Re: Smoothing the subtrans performance catastrophe

From

Andres Freund

Date:

03 August 2022, 20:14:37

Hi,

On 2022-08-03 15:36:40 -0400, Robert Haas wrote:
> On Wed, Aug 3, 2022 at 3:18 PM Andres Freund <andres@anarazel.de> wrote:
> > In contrast to e.g. clog or multixact we don't need to access a lot of old
> > While we can't put a useful hard cap on the number of potential subtrans
> > entries (we can only throw subxid->parent mappings away once no existing
> > snapshot might need them), saying that there can't be more subxids "considered
> > running" at a time than can fit in memory doesn't seem like a particularly
> > problematic restriction.
>
> That sounds really problematic to me, unless I misunderstand what
> you're proposing. Say I have a plpgsql containing a FOR loop which in
> turn contains an EXCEPTION block which in turn does DML. Right now,
> that loop could iterate millions of times and everything would still
> work. Sure, there might be performance impacts depending on what else
> is happening on the system, but it might also be totally fine. IIUC,
> you'd like to make that case fail outright. I think that's a
> non-starter.

I don't think this scenario would fundamentally change - we already keep the
set of subxids in backend local memory (e.g. either a dedicated
TransactionStateData or an element in ->childXids) and in the locking table
(via XactLockTableInsert()).

The problematic part isn't keeping "actually" running subxids in memory, but
keeping subxids that might be "considered running" in memory (i.e. subxids
that are considered running by an old snapshot in another backend).

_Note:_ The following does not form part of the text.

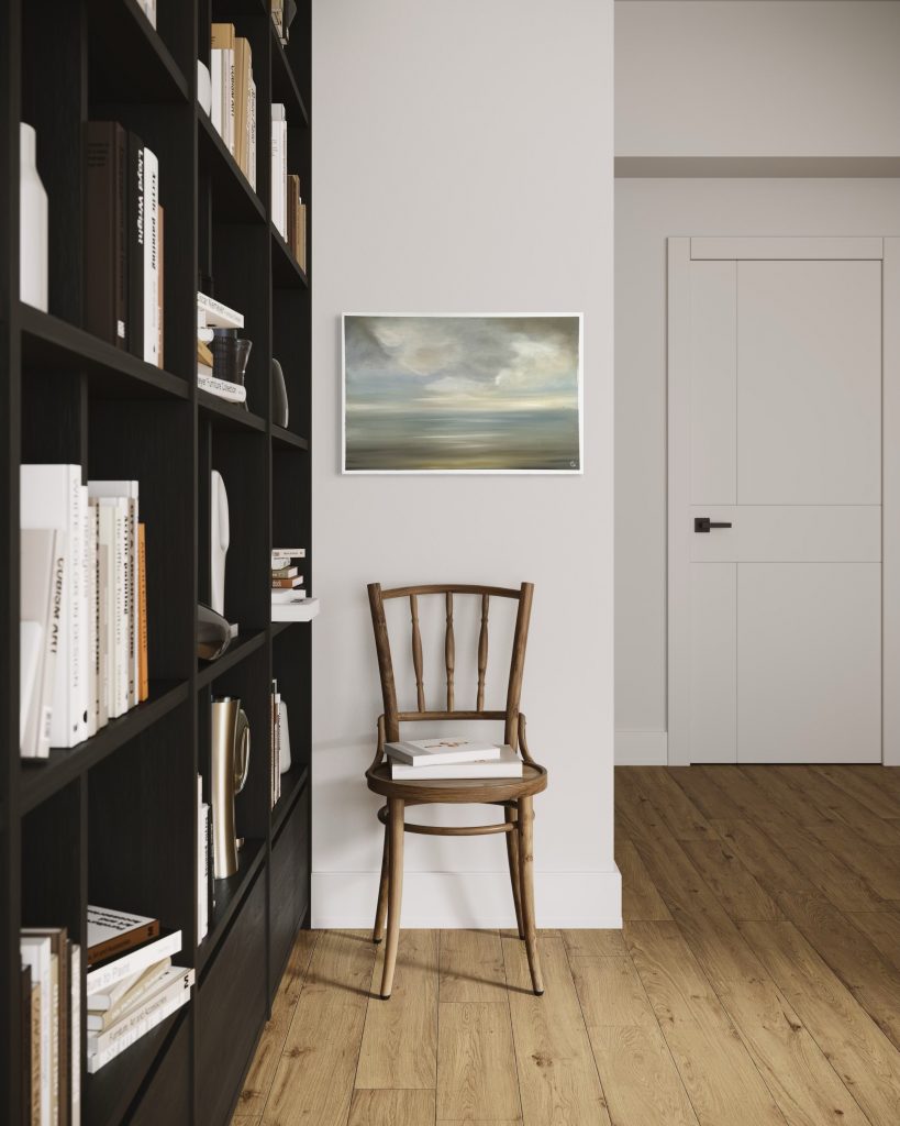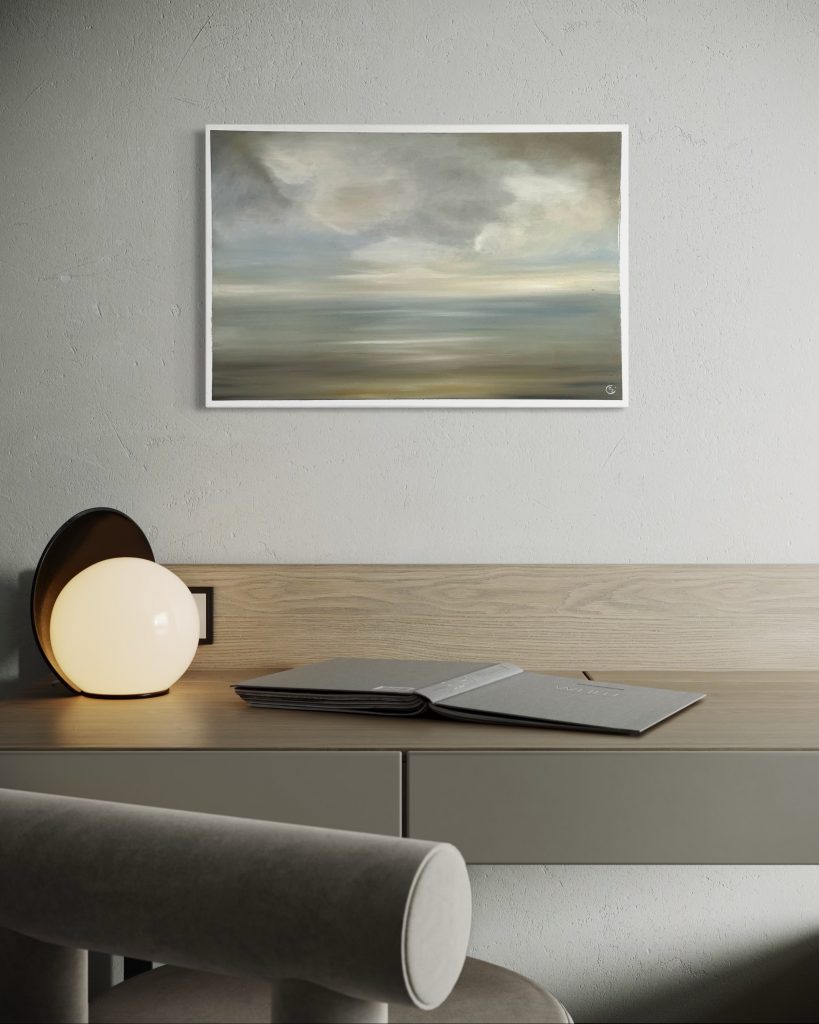 Um einen Eindruck zu erhalten, wie genau sich das Bild in deiner Umgebung anpasst, biete ich dir meinen Mockup-Service an. Alles was es dazu braucht, ist ein Foto der betreffenden Wand inklusive der Maßangabe. Diese virtuelle Aufhängung ermöglicht es dir, die Farbwirkung und das Größenverhältnis erlebbar zu machen.

A hashtable just containing child->parent mapping for subxids doesn't actually
need that much memory. It'd be approximately (2 * 4 bytes) * subxids *
(2-fillfactor) or such? So maybe ~10MB for 1 milllion subxids?  Allocating
that on-demand doesn't strike me as prohibitive.

> I don't know whether Simon's ideas here are amazingly good, utterly
> terrible, or something in between, but I think we can evaluate the
> patch actually submitted rather than propose a complete redesign of
> the entire mechanism - especially one that seems like it would break
> stuff that currently works.

We've had quite a few patches that try to address issues around subids, but
only ever improve things on the margins. I'm doubtful that's a useful use of
time.

Greetings,

Andres Freund

Re: Smoothing the subtrans performance catastrophe

From

Simon Riggs

Date:

04 August 2022, 12:11:25

On Wed, 3 Aug 2022 at 20:18, Andres Freund <andres@anarazel.de> wrote:

> On 2022-08-01 17:42:49 +0100, Simon Riggs wrote:
> > The reason for the slowdown is clear: when we overflow we check every
> > xid against subtrans, producing a large stream of lookups. Some
> > previous hackers have tried to speed up subtrans - this patch takes a
> > different approach: remove as many subtrans lookups as possible. (So
> > is not competing with those other solutions).
> >
> > Attached patch improves on the situation, as also shown in the attached diagram.
>
> I think we should consider redesigning subtrans more substantially - even with
> the changes you propose here, there's still plenty ways to hit really bad
> performance. And there's only so much we can do about that without more
> fundamental design changes.

I completely agree - you will be glad to hear that I've been working
on a redesign of the subtrans module.

But we should be clear that redesigning subtrans has nothing to do
with this patch; they are separate ideas and this patch relates to
XidInMVCCSnapshot(), an important caller of subtrans.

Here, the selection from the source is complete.